What Layers When: Learning to Skip Compute in LLMs with Residual Gates
This addresses the high computational cost problem for users of large language models, representing an incremental improvement over existing methods like early-exit or router-based approaches.
The paper tackles the problem of reducing computational cost in large language models by introducing GateSkip, a residual-stream gating mechanism that enables token-wise layer skipping during inference. The result shows up to 15% compute savings while retaining over 90% baseline accuracy on long-form reasoning tasks, with accuracy gains at full compute and matching baseline quality near 50% savings on instruction-tuned models.
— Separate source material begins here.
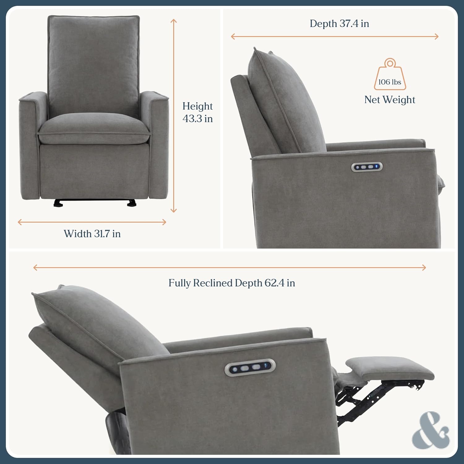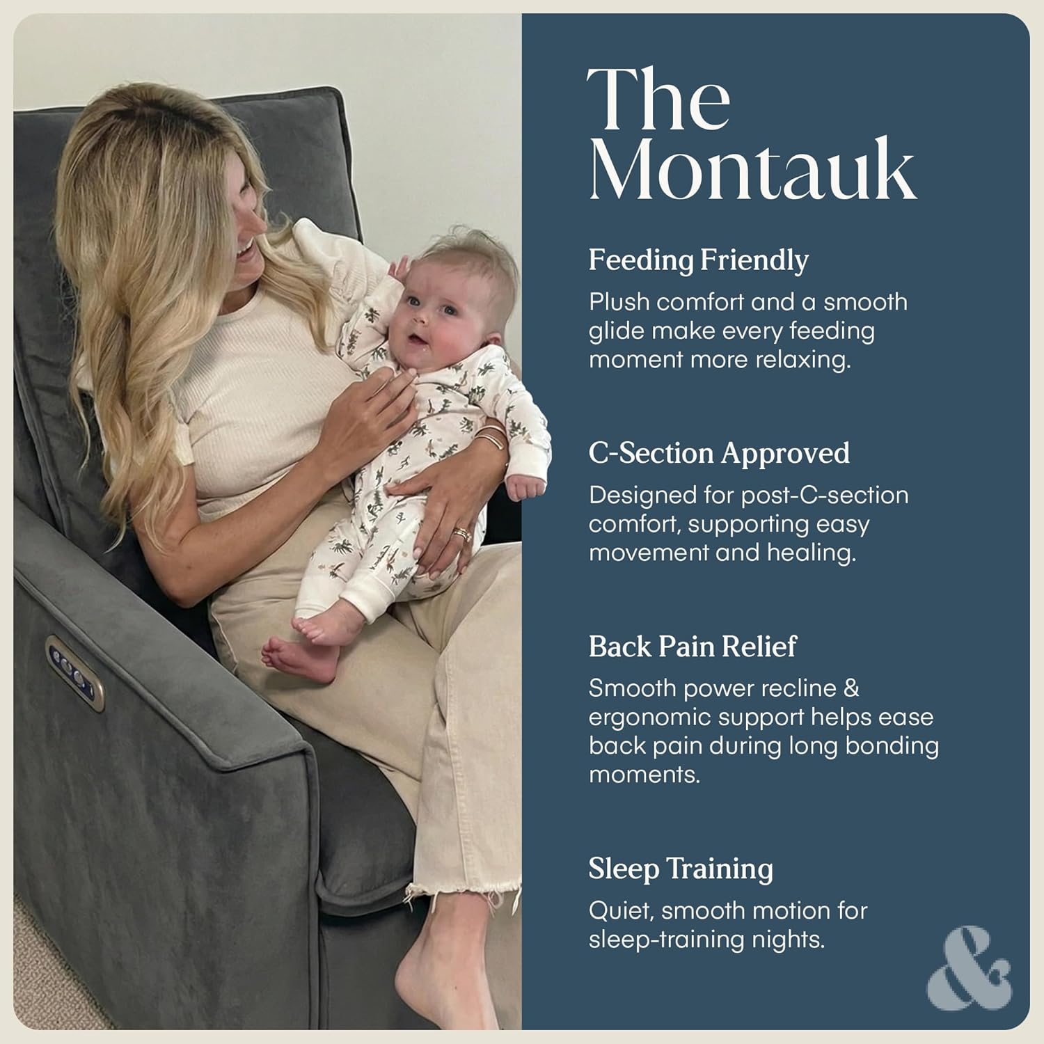 • Montauk Power Glider Recliner Premium Nursery Recliner Chair with USBA/C, Adjustable Headrest & Gentle Glide, StainResistant Upholstery, Comfortable & SpaceSmart, Gray

We introduce GateSkip, a simple residual-stream gating mechanism that enables token-wise layer skipping in decoder-only LMs. Each Attention/MLP branch is equipped with a sigmoid-linear gate that condenses the branch's output before it re-enters the residual stream. During inference we rank tokens by the gate values and skip low-importance ones using a per-layer budget. While early-exit or router-based Mixture-of-Depths models are known to be unstable and need extensive retraining, our smooth, differentiable gates fine-tune stably on top of pretrained models. On long-form reasoning, we save up to 15% compute while retaining over 90% of baseline accuracy. For increasingly larger models, this tradeoff improves drastically. On instruction-tuned models we see accuracy gains at full compute and match baseline quality near 50% savings. The learned gates give insight into transformer information flow (e.g., BOS tokens act as anchors), and the method combines easily with quantization, pruning, and self-speculative decoding.